**EXERCISE DIRECTIONS:** All of the entries, apart from their pictures, are to be copied verbatim.

-- -- --

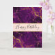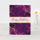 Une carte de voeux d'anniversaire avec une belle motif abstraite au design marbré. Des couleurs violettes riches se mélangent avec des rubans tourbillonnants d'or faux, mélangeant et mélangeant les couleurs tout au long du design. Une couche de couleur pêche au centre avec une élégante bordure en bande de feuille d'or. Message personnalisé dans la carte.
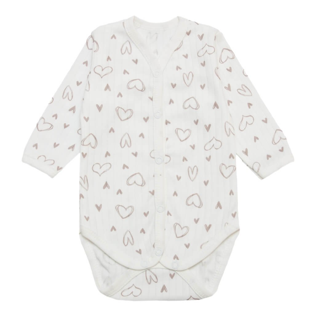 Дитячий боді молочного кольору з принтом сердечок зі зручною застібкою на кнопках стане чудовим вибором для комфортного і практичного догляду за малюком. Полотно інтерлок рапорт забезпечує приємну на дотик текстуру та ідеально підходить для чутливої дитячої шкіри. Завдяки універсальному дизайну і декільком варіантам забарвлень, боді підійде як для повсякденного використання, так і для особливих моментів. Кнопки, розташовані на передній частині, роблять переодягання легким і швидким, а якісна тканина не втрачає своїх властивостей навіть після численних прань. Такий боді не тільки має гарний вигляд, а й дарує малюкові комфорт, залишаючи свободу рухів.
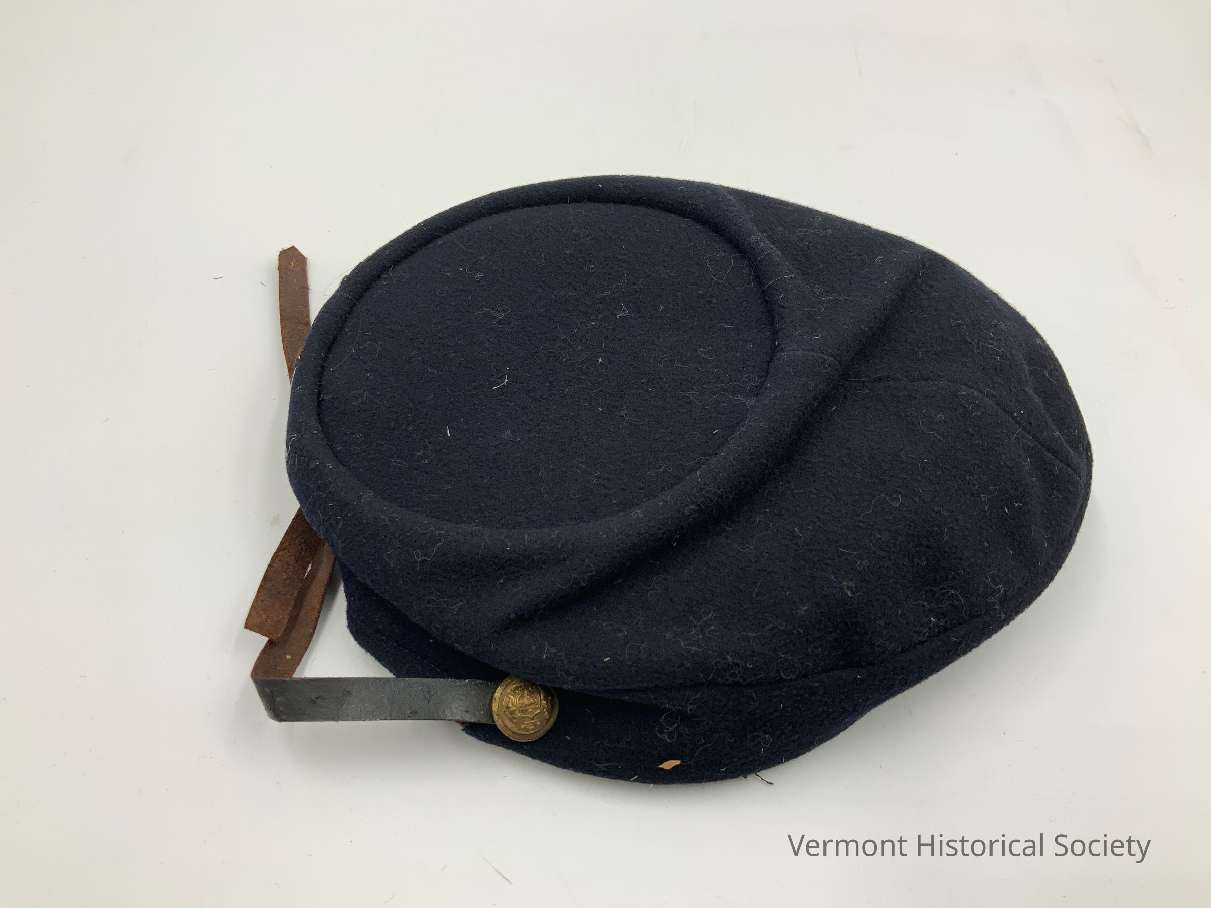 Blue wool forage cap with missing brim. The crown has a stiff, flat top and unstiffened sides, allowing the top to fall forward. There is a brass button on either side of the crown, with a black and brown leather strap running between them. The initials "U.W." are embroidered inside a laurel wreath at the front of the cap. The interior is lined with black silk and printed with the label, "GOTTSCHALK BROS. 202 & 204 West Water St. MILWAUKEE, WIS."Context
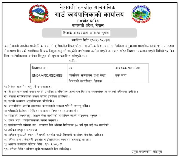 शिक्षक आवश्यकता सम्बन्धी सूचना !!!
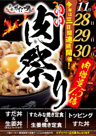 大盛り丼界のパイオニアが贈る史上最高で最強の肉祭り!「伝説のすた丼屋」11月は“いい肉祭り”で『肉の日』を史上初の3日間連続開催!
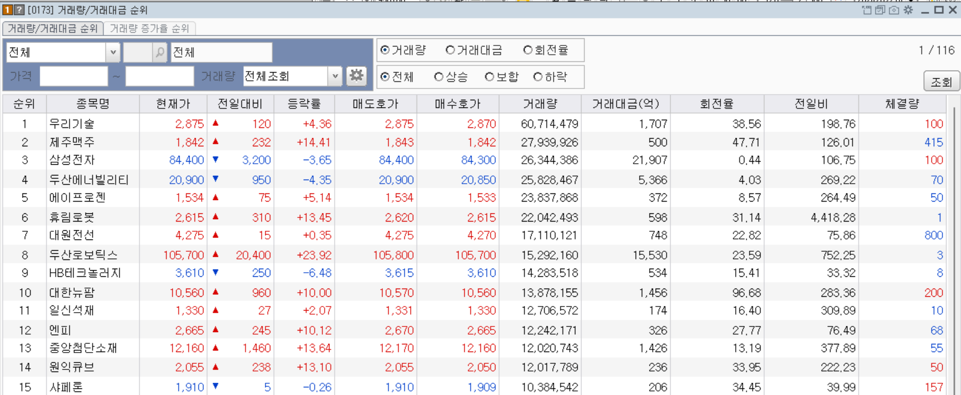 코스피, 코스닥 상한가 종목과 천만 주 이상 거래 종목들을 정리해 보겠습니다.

-- -- --

**OUTPUT FOR THIS EXERCISE:**
 Une carte de voeux d'anniversaire avec une belle motif abstraite au design marbré. Des couleurs violettes riches se mélangent avec des rubans tourbillonnants d'or faux, mélangeant et mélangeant les couleurs tout au long du design. Une couche de couleur pêche au centre avec une élégante bordure en bande de feuille d'or. Message personnalisé dans la carte.
 Дитячий боді молочного кольору з принтом сердечок зі зручною застібкою на кнопках стане чудовим вибором для комфортного і практичного догляду за малюком. Полотно інтерлок рапорт забезпечує приємну на дотик текстуру та ідеально підходить для чутливої дитячої шкіри. Завдяки універсальному дизайну і декільком варіантам забарвлень, боді підійде як для повсякденного використання, так і для особливих моментів. Кнопки, розташовані на передній частині, роблять переодягання легким і швидким, а якісна тканина не втрачає своїх властивостей навіть після численних прань. Такий боді не тільки має гарний вигляд, а й дарує малюкові комфорт, залишаючи свободу рухів.
 Blue wool forage cap with missing brim. The crown has a stiff, flat top and unstiffened sides, allowing the top to fall forward. There is a brass button on either side of the crown, with a black and brown leather strap running between them. The initials "U.W." are embroidered inside a laurel wreath at the front of the cap. The interior is lined with black silk and printed with the label, "GOTTSCHALK BROS. 202 & 204 West Water St. MILWAUKEE, WIS."Context
 शिक्षक आवश्यकता सम्बन्धी सूचना !!!
 大盛り丼界のパイオニアが贈る史上最高で最強の肉祭り!「伝説のすた丼屋」11月は“いい肉祭り”で『肉の日』を史上初の3日間連続開催!
 코스피, 코스닥 상한가 종목과 천만 주 이상 거래 종목들을 정리해 보겠습니다.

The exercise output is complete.